15. The appellant's contention appears to be based upon the assumption that capital value assessment must be a static and not a fluid process. The respondent’s submissions have endeavoured to address that point and to correct any misunderstanding of the process. The tribunal, without hesitation, accepts the respondent's proposition that it is quite permissible for those entrusted with the valuation process to revisit the assessment process from time to time in fulfilling the essential statutory function provided that is done rationally and properly. The tribunal has particularly noted the comparable properties selected and placed in evidence by the respondent. These are all located within a relatively small and well-defined area and are all of relatively similar size and characteristics, the best comparable perhaps being 89 Parklands which has a slightly larger area than the subject property but nonetheless a similar capital value at £160,000. Number 166 Parklands has a similar area and similar characteristics to the subject property, save that it has an integral double garage and has a capital value at £165,000. The tribunal accepts the respondent's contention that the comparables are indicative of the correctness of the capital value ascribed to the subject property by the respondent on appeal. The properties cited by the appellant in argument are not as useful in comparative terms and thus lesser weight must be attached to these evidentially.

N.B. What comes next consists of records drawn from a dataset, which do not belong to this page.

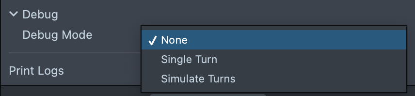 | Debug Mode | Choose: None, Single Turn, or Simulate Turns. |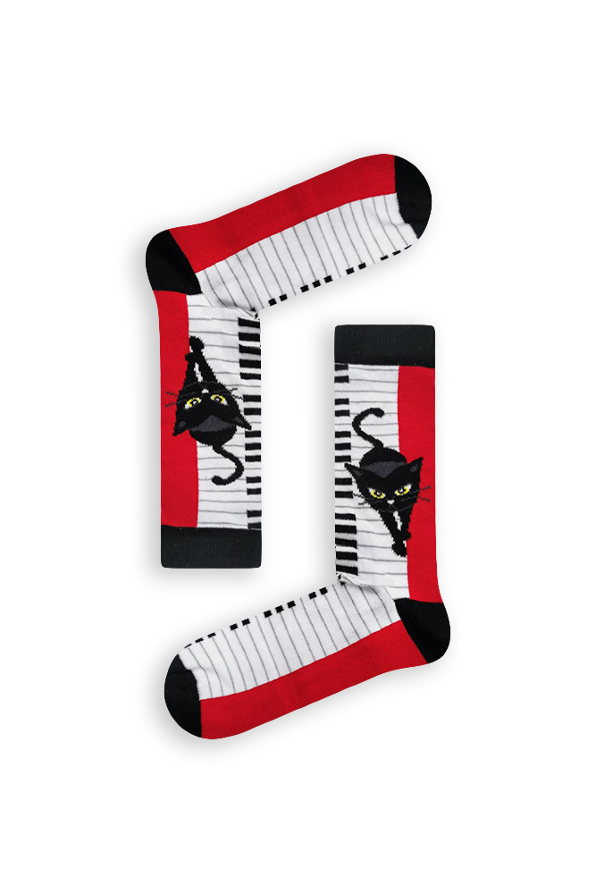 Κάλτσα Unisex με Σχέδιο PIano Cat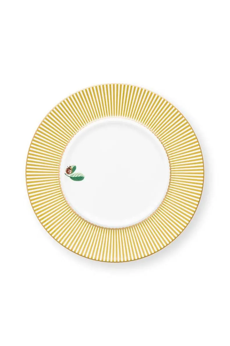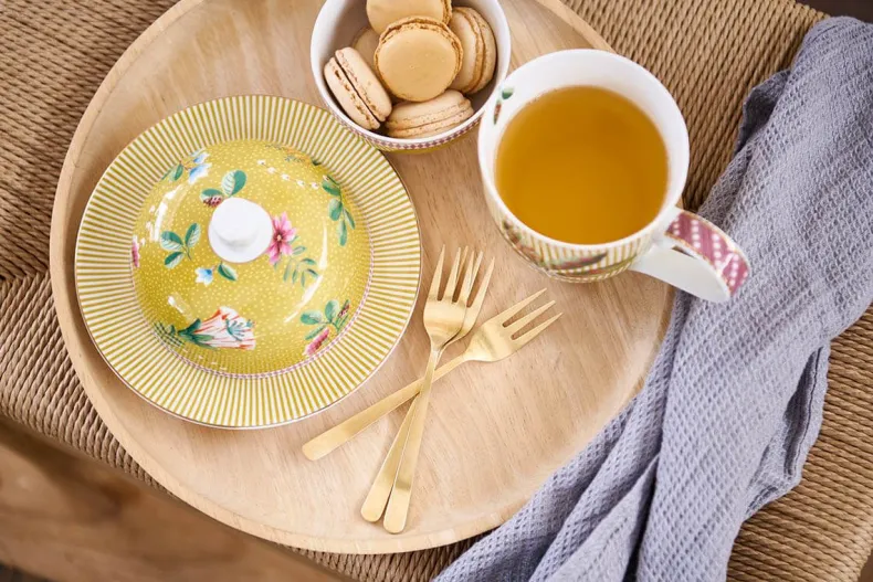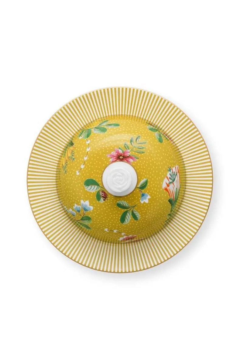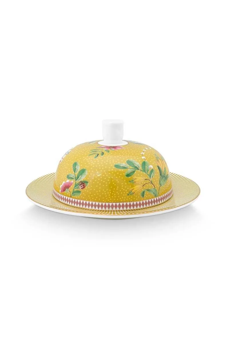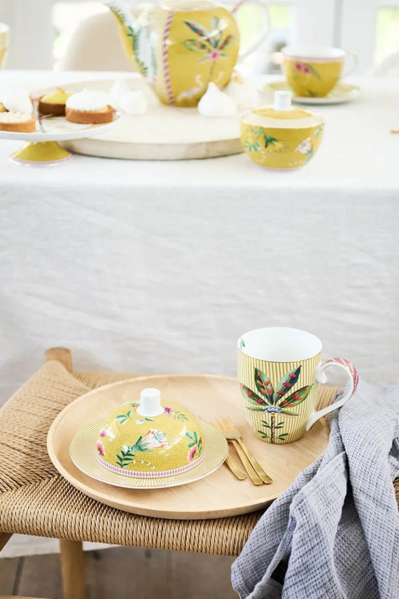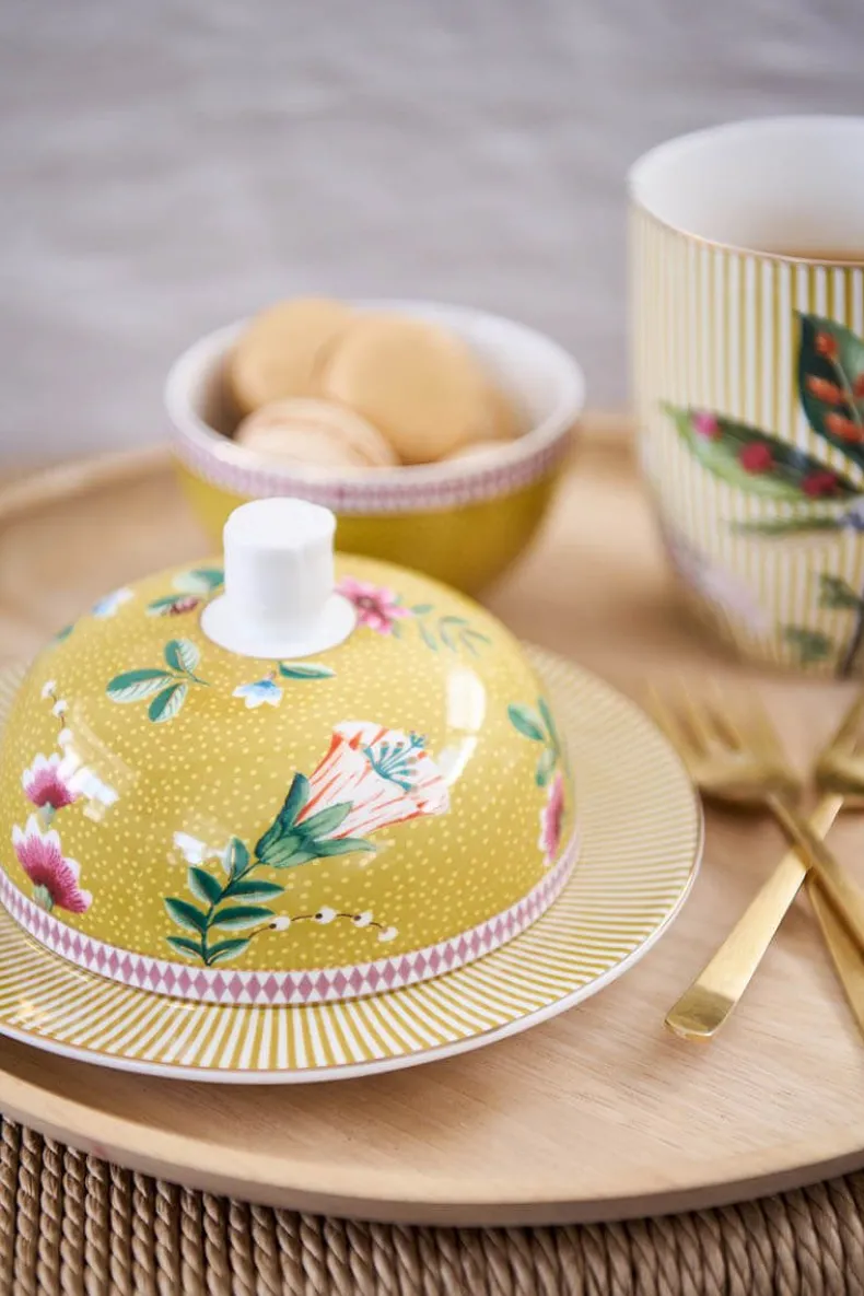 Deze La Majorelle Botervloot Is Versierd Met Exotische Bloemen Op Een Gele Achtergrond.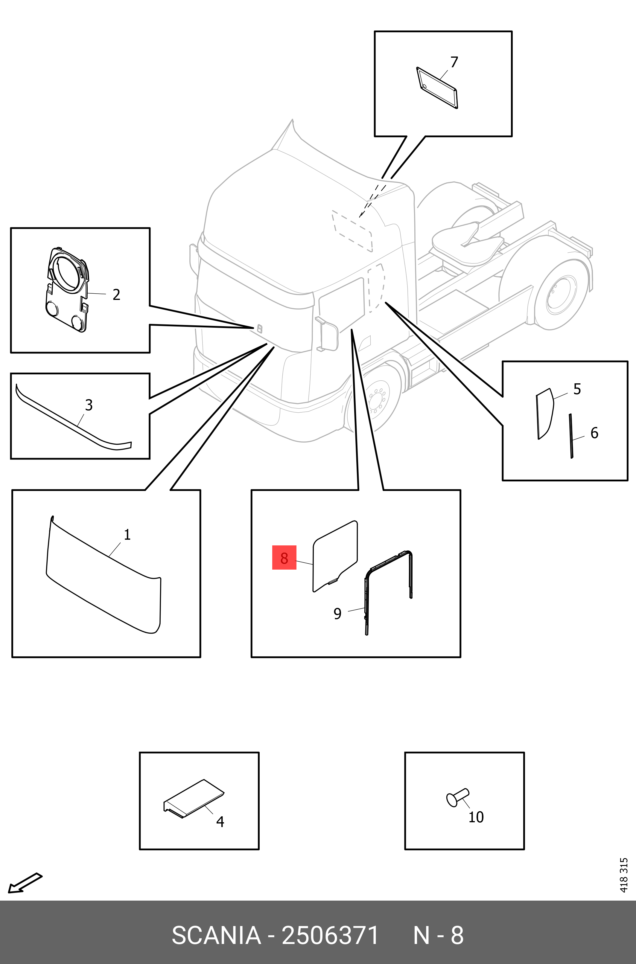 2506371 SCANIA Стекло левой двери 2018+ Scania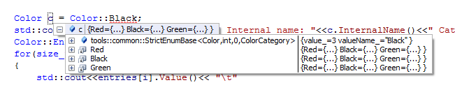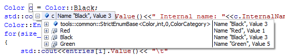DEFINE_STRICT_ENUM_WITH_NAME(Color, int, true, ((Red, 1, "Red")) ((Black, 3, "Black")) ((Green, 5, "Green")) ) DEFINE_STRICT_ENUM_WITH_DESC(Color, int, false, ((Red, 1, "Red color", "Красный")) ((Black, 3, "Black color", "Черный")) ((Green, 5, "Green color", "Зеленый")) ) Color c = Color::Red; std::cout << "Value: " << c.GetValue() << ", Internal name: " << c.InternalName() << ", External name: " << c.ExternalName() << std::endl; Color::Entries entries = Color::GetEntries(); for(size_t i = 0; i < entries.size(); ++i) { std::cout << entries[i].Value() << "\t" << entries[i].InternalName() << "\t" << entries[i].ExternalName() << std::endl; } |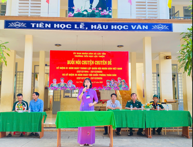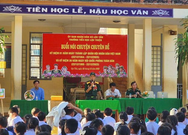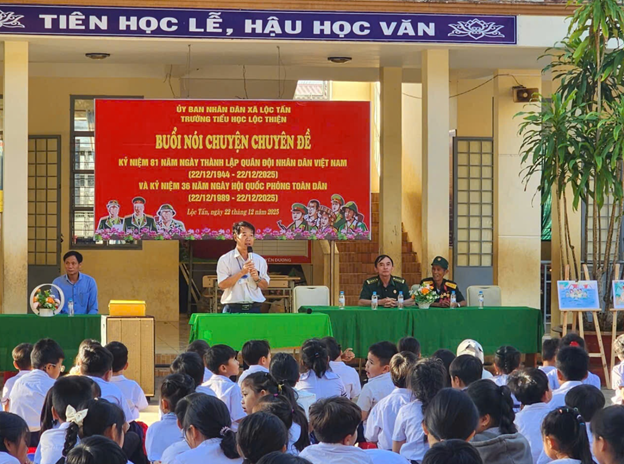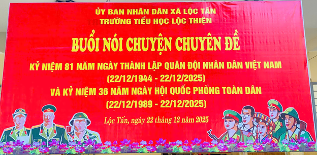 Vào lúc 7 giờ 15 phút, Sáng thứ Hai, ngày 22/12/2025. Trong buổi sinh hoạt dưới cờ tại Trường Tiểu học Lộc Thiện đã phối hợp với Hội Cựu chiến binh xã tổ chức buổi nói chuyện truyền thống với học sinh, nhân dịp kỷ niệm 81 năm Ngày thành lập Quân đội nhân dân Việt Nam. Hoạt động diễn ra trong không khí trang trọng, ấm áp, mang ý nghĩa giáo dục sâu sắc đối với các em học sinh toàn trường.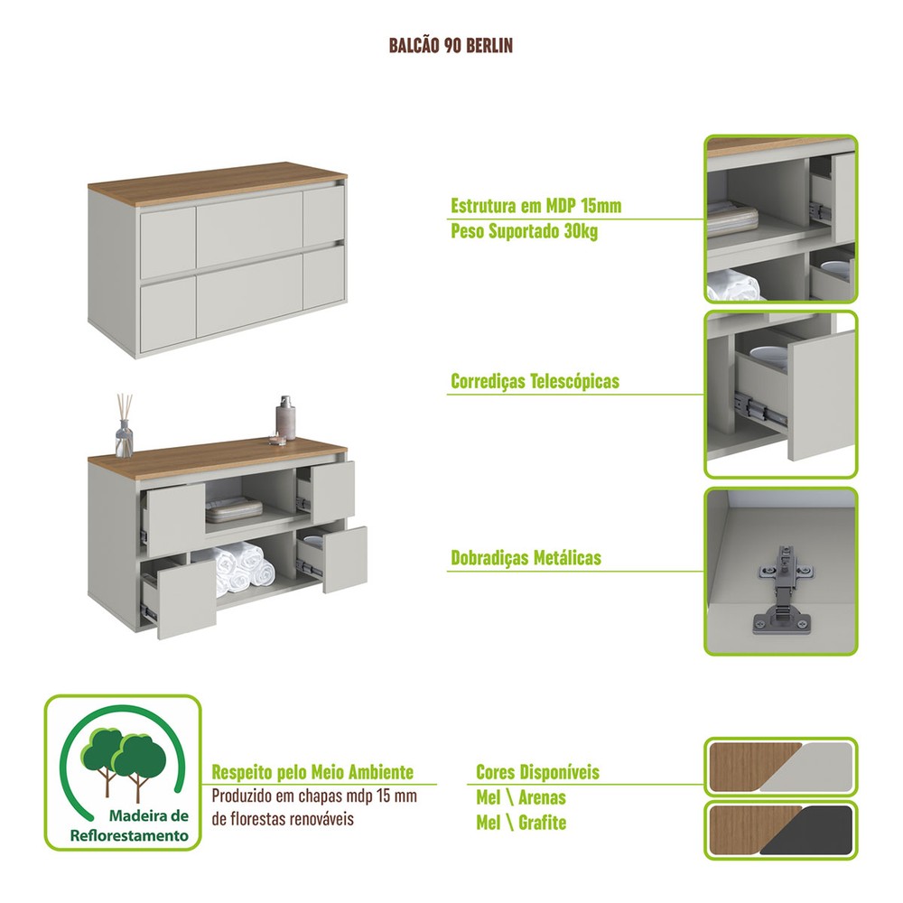 O(a) Armário de Banheiro Berlim 2 Portas 4 Gavetas Grafite - Art In Móveis é produzido em MDP na escala de brilho Fosco, e possui um grau de dificuldade de montagem: Médio.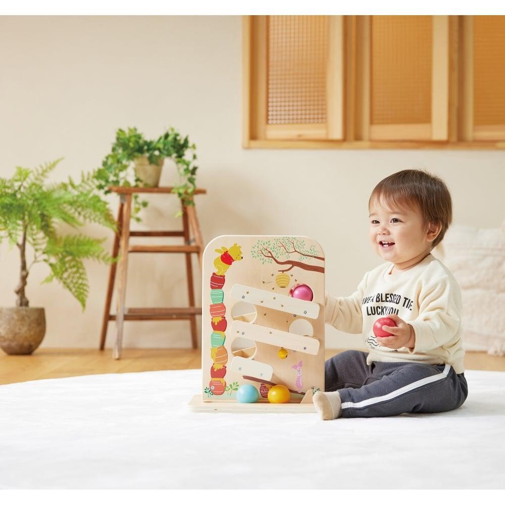 トイザらスの木製玩具シリーズより、プーさんの世界観を再現したボール落としの登場!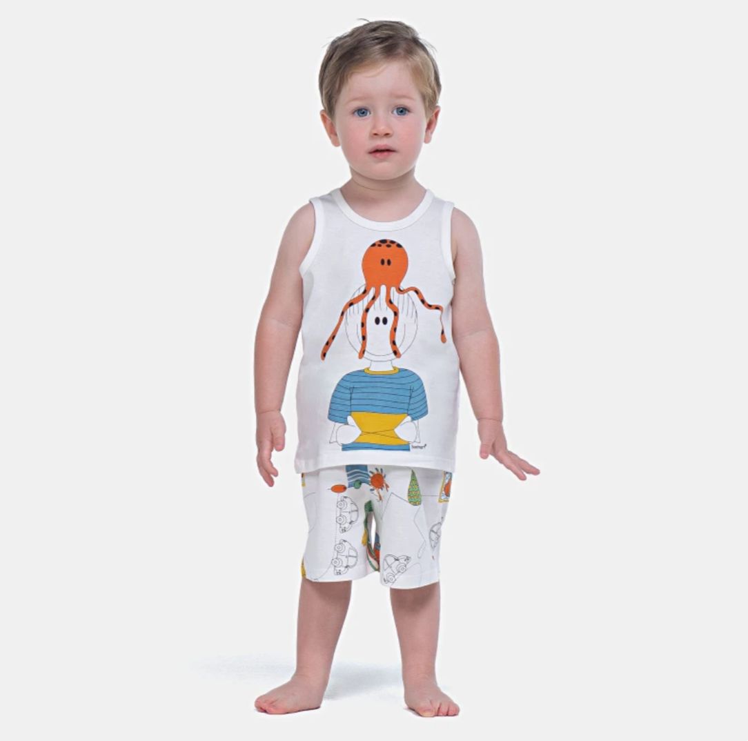 Pijama regata com estampa local e bermuda com estampa corrida, confeccionados em tecido meia-malha 100% algodão.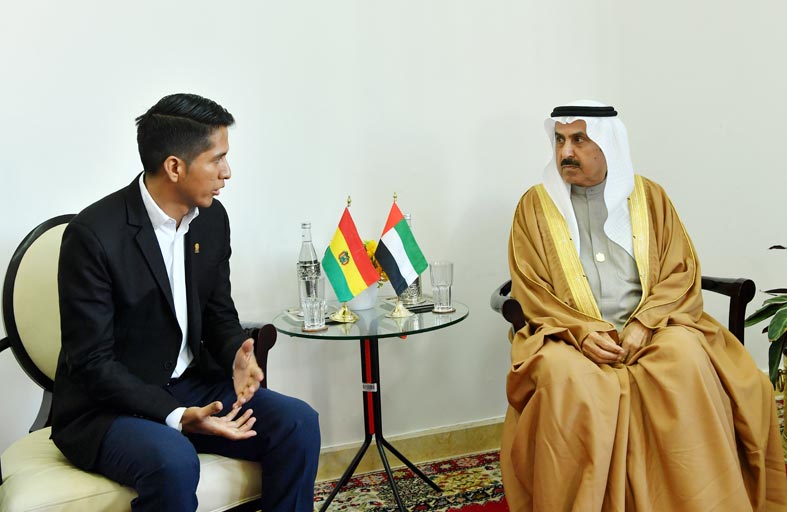 من جانبه أكد معالي أندرونيكو رودريغيز ليدزما رئيس مجلس الشيوخ في جمهورية بوليفيا أهمية تعزيز العلاقات بين دولة الإمارات وبوليفيا خاصة ما يتعلق بالجانب الاقتصادي سيما أن دولة الإمارات تعتبر من الدولة المتطورة اقتصاديا على الصعيد الدولي.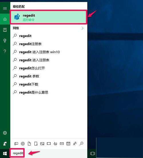 1、在桌面左下角的搜索欄中輸入regedit命令,點擊【regedit運行命令】,打開系統注冊表編輯器;
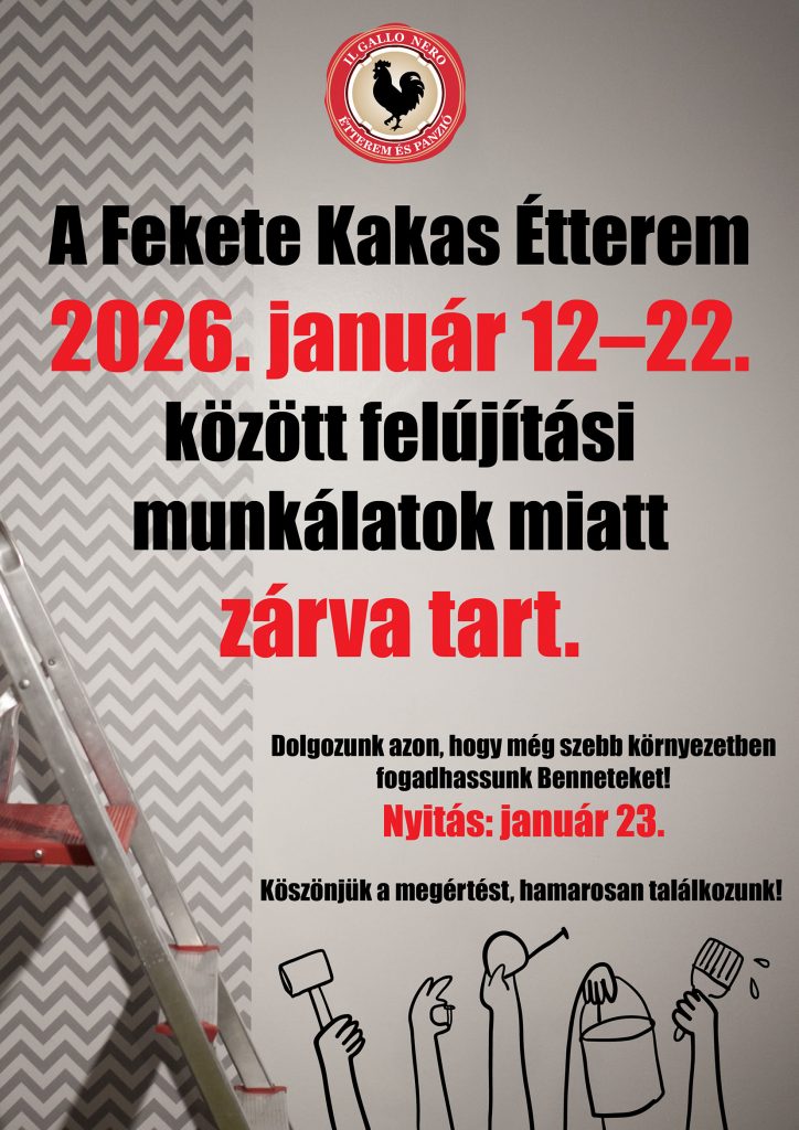 Éttermünk felújítás miatt január 12-22. között zárva tart!

16. Taking the evidence as presented to the tribunal and noting the arguments and submissions, the tribunal's conclusion is that the appellant has not placed before the tribunal sufficient evidence, information and argument to enable the statutory presumption of correctness in respect of the capital value assessment to be displaced. The tribunal concludes that the Commissioner's assessment of capital value in respect of the subject property at a figure of £160,000 is not self-evidently or manifestly incorrect. Examining the evidence of the comparable properties and the other evidence and arguments put forward by the appellant, the tribunal on balance sees nothing of sufficient weight to displace the statutory presumption of correctness in respect of the Commissioner's capital value assessment. Thus the appeal cannot succeed. The Commissioner's Decision on Appeal is upheld and accordingly the appeal is dismissed.